▶ _Requirement_:
Begin with the line containing "水是每事物的來源;它是透明的", end with the last line of the records, and retype everything in between exactly, without the pictures.

▶ _Supplied records_:
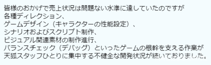 而現如今,這位員工似乎是真的撐不下去了,如果要繼續運營下去的話,勢必會導致遊戲質量下滑以及對該員工的進一步壓榨。為了員工的健康與系列作品今後的發展,官方作出的決定是向平台方主動提出停服。
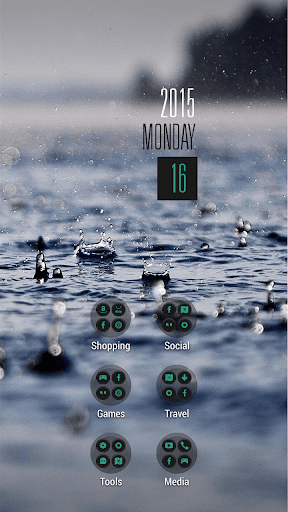 水是每事物的來源;它是透明的精靈這融合成為海洋。這是一個藍色風格的主題;它的壁紙是關於雨天,當雨滴都在這一刻落在大海與一個美麗的噴霧飛濺的畫面。透明,晶瑩可愛。如何激活這些水分子,在微觀世界是很有意思呢!我們還設計了藍綠色圖標和窗口小部件,包括日曆,天氣預報,時鐘和電池信息。這自然和清新的風格為你,為這個春天的日子!
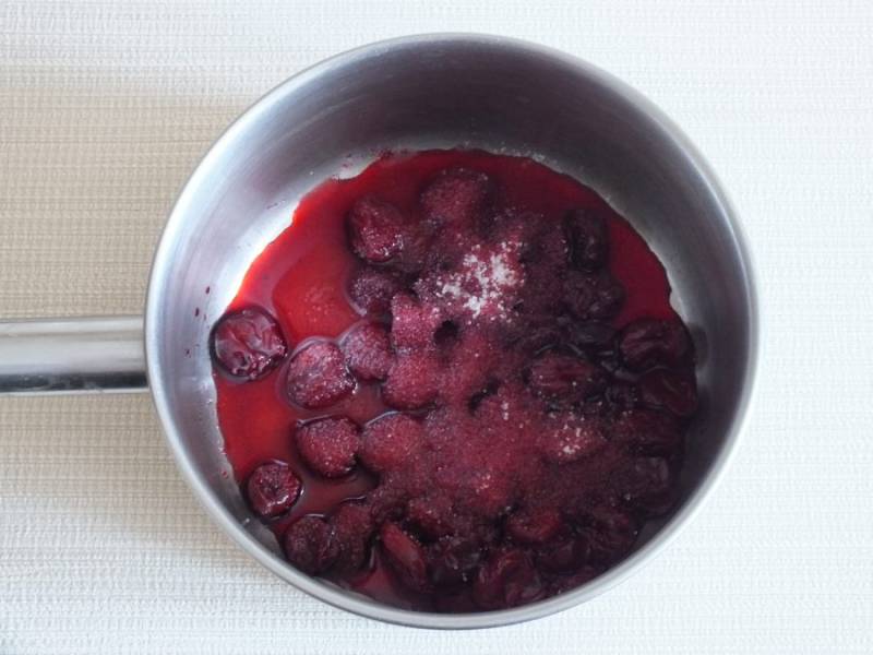 В сотейник выложите вишню вместе с соком, добавьте сахар. Поставьте на средний огонь.
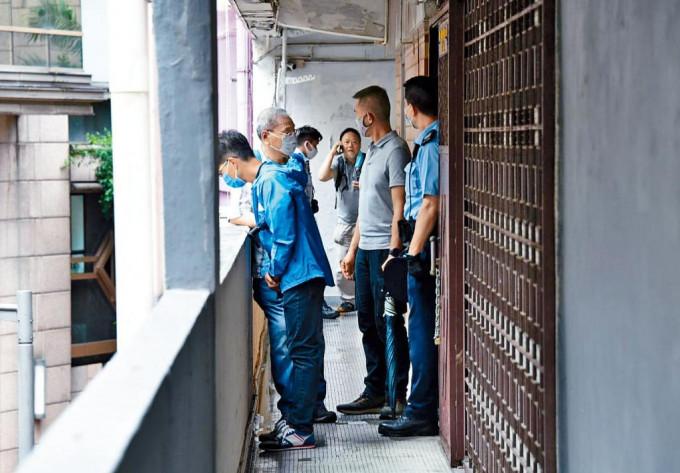 現場皇后大道中一八九號啓豐大廈二樓一單位,七十二歲戶主姓勞,單位裝有鐵閘,窗戶裝上鐵網防盜;勞返內地已逾年,單位也被用作貨倉,儲存大量貨物包括古董、音響器材及各種外幣。
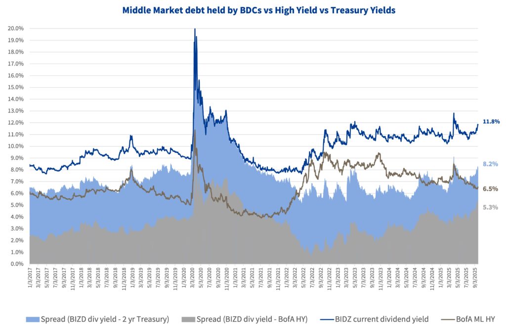 Source: VanEck BDC Income ETF, BofA Merrill Lynch US High Yield Effective Yield

▶ _Exercise output_:
 水是每事物的來源;它是透明的精靈這融合成為海洋。這是一個藍色風格的主題;它的壁紙是關於雨天,當雨滴都在這一刻落在大海與一個美麗的噴霧飛濺的畫面。透明,晶瑩可愛。如何激活這些水分子,在微觀世界是很有意思呢!我們還設計了藍綠色圖標和窗口小部件,包括日曆,天氣預報,時鐘和電池信息。這自然和清新的風格為你,為這個春天的日子!
 В сотейник выложите вишню вместе с соком, добавьте сахар. Поставьте на средний огонь.
 現場皇后大道中一八九號啓豐大廈二樓一單位,七十二歲戶主姓勞,單位裝有鐵閘,窗戶裝上鐵網防盜;勞返內地已逾年,單位也被用作貨倉,儲存大量貨物包括古董、音響器材及各種外幣。
 Source: VanEck BDC Income ETF, BofA Merrill Lynch US High Yield Effective Yield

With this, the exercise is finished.